Member of Legislative Assembly Andhra Pradesh
- In office 2004–2009
- Preceded by: Shobha Nagi Reddy
- Succeeded by: Shobha Nagi Reddy
- Constituency: Allagadda
- In office 1985–1989
- Preceded by: Somula Venkat Subba Reddy
- Succeeded by: Bhuma Sekhara Reddy
- Constituency: Allagadda
- In office 1980–1983
- Preceded by: Gangula Thimma Reddy
- Succeeded by: Somula Venkat Subba Reddy
- Constituency: Allagadda

Personal details
- Born: 1 July 1950 (age 75) Yeragudidinne, Kurnool District, Madras State (present-day Andhra Pradesh)
- Party: Indian National Congress (1980 - 2017)
- Other political affiliations: Bharatiya Janata Party (2019- present),Telugu Desam Party (2017-2019)
- Spouse: Chandralekha
- Children: Gangula Phani Krishna Reddy Gangula Bharath Reddy
- Parent: Gangula Thimma Reddy (father);

= G. Prathap Reddy =

Indian politician

Gangula Prathapa Reddy is an Indian politician.
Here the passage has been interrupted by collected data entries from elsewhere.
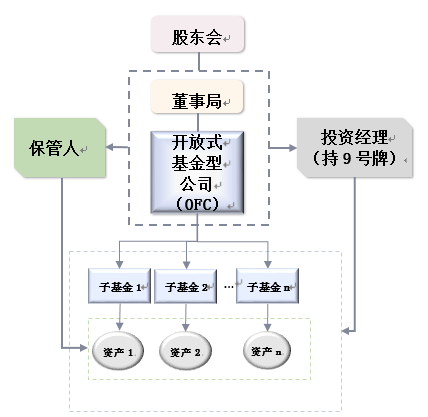 OFC的架构如上图所示。其组织结构除股东会和董事局之余,还必须设置保管人和投资经理。
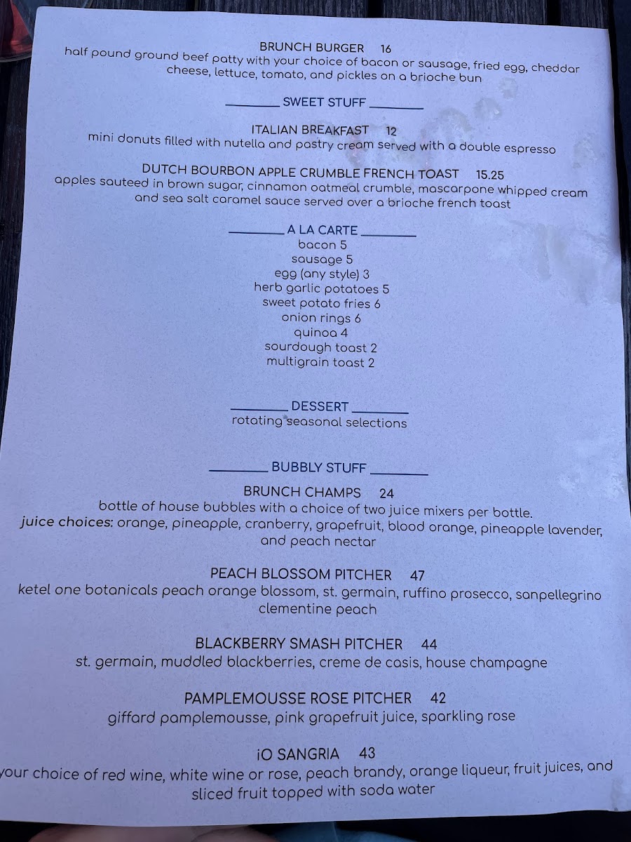 The menu boasts an impressive selection that caters to a variety of palates. For those seeking a substantial brunch experience, the Australian Hot Stone is a must-try. This dish features succulent filet cooked to perfection, accompanied by eggs, chimichurri butter, and a choice of crispy baby reds or grits, all for $45.00. If you prefer something more traditional, the Simple Breakfast with eggs, sausage or bacon, and herbed crispy red potatoes at $13.50 is sure to satisfy.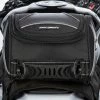 The Saddlemen Drifter Slant Saddlebags Throw-over are available in three sizes. The large is 15.5”L x 9.5”H x 5”D; the Jumbo is 17.5”L x 10.5”H x 6”D. And then there is the Extra Jumbo size for those times when you’ve got a lot to gear to take with you. That bag measures 22”L x 10.5”H x 7”D. As usual, Saddlemen has added some well-thought-out features to these bags. For example, the height of the lid is adjustable, and these bags have also been designed with a quick release and a rear carrying handle so that you can easily take them with you when necessary. These handsome bags, which are crafted from a durable synthetic leather, are slanted so that they work well with dual shock bikes.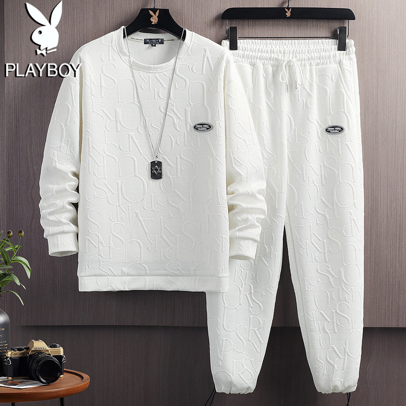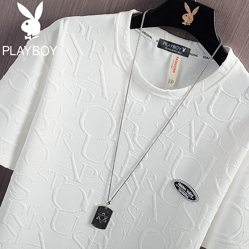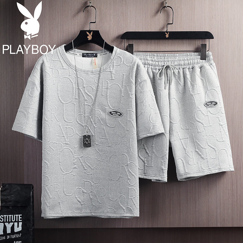 Flower Playboy Summer T-shirt men loose round collar men's outfit set with casual short sleeves suit male trend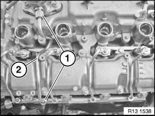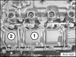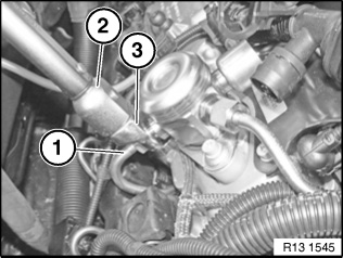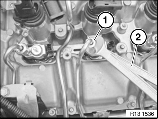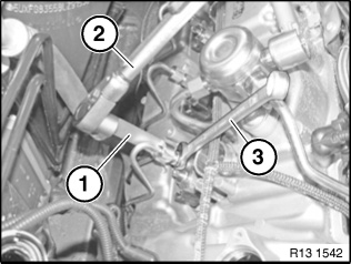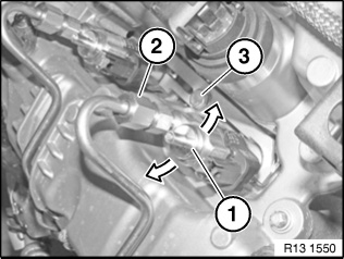 Tighten down pressure line (1) on rail to torque (2), with long wrench socket (3) SW13 and special tool 13 0 140.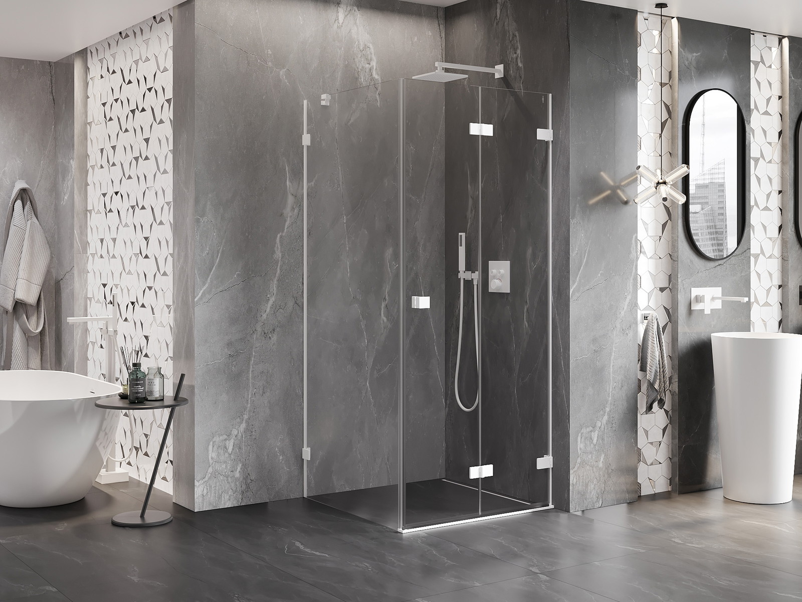 Galimybė sulenkti duris, tiek į išorę, tiek į vidų, leidžia gauti daugiau erdvės nenaudojant dušo. Tai yra idealus sprendimas mažesnėms vonios kambariams, maksimaliai išnaudojantis turimą plotą.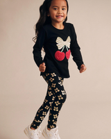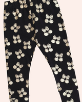 Cartwheel-worthy leggings. Made from soft organic cotton jersey, they feature our custom gold foil cherry pie print. The soft stretchy waistband stays up (even mid-wheel) and keeps little tummies comfy all day long. Ideal for everyday wear.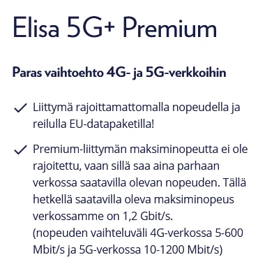 Eli kumpikohan on oikea nopeus 5G+ Premium-liittymässä eli max 1.2Gbit/s vai 2Gbit/s? Eli kun katsoo lisätiedot, niin nopeus heittää usemapi sata Mbit/s alaspäin.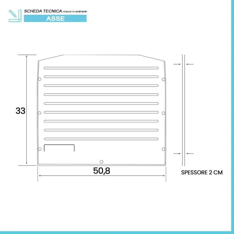 • Dimensioni: L 50,8 x p 33 cm, spessore 2 cm;
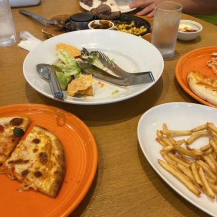 あとは、サラダ、ビーフハンバーグステーキ、ピザ、ポテトなどを注文し

He was elected to the Lok Sabha, the lower house of the Parliament of India from Nandyal in Andhra Pradesh as a member of the Indian National Congress in 1991. But he resigned the seat to enable the then Prime Minister P. V. Narasimha Rao to contest a by election and get elected to parliament. He joined the Bharatiya Janata Party in 2019.